2.  To what extent are lawyers giving their clients the green light on whatever they want just to keep the clients happy and make a few bucks?  Take for example the case of the alleged Ernst & Young tax shelter fraud:  Wealthy clients asked friendly law firms to write opinion letters assuring them that their tax shelters were “likely” to survive scrutiny if the IRS challenged their legality.  One big firm lawyer has already pleaded guilty to tax fraud charges, another has paid the IRS $39.4 million to avoid criminal charges and his lawyer says his client and the accounting execs were “only guilty of greed.”  He makes it sound like a temporary head cold instead of the character flaw that it is.

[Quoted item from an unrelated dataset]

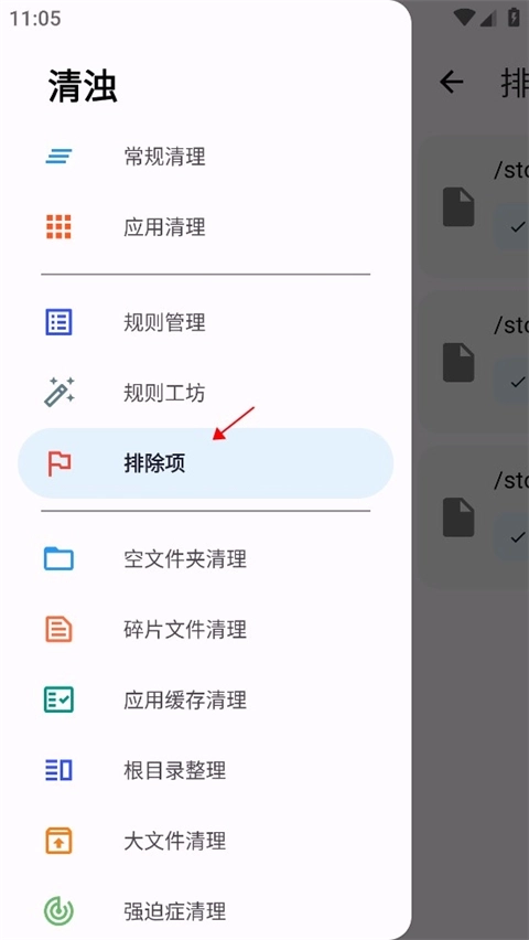5、然后选项排除的文件即可。

3.  To what extent is your business tying compensation to short-term performance and encouraging risky behaviors that jeopardize long term stability?  Take a moment to stand back and examine your business policies and the behaviors they are driving.  Could they be improved to better align company actions with sound business practices and good decision making.

Let’s keep the bubbles in the tub.

 

*Mr. Bubble is a registered trademark of Ascendia Brands.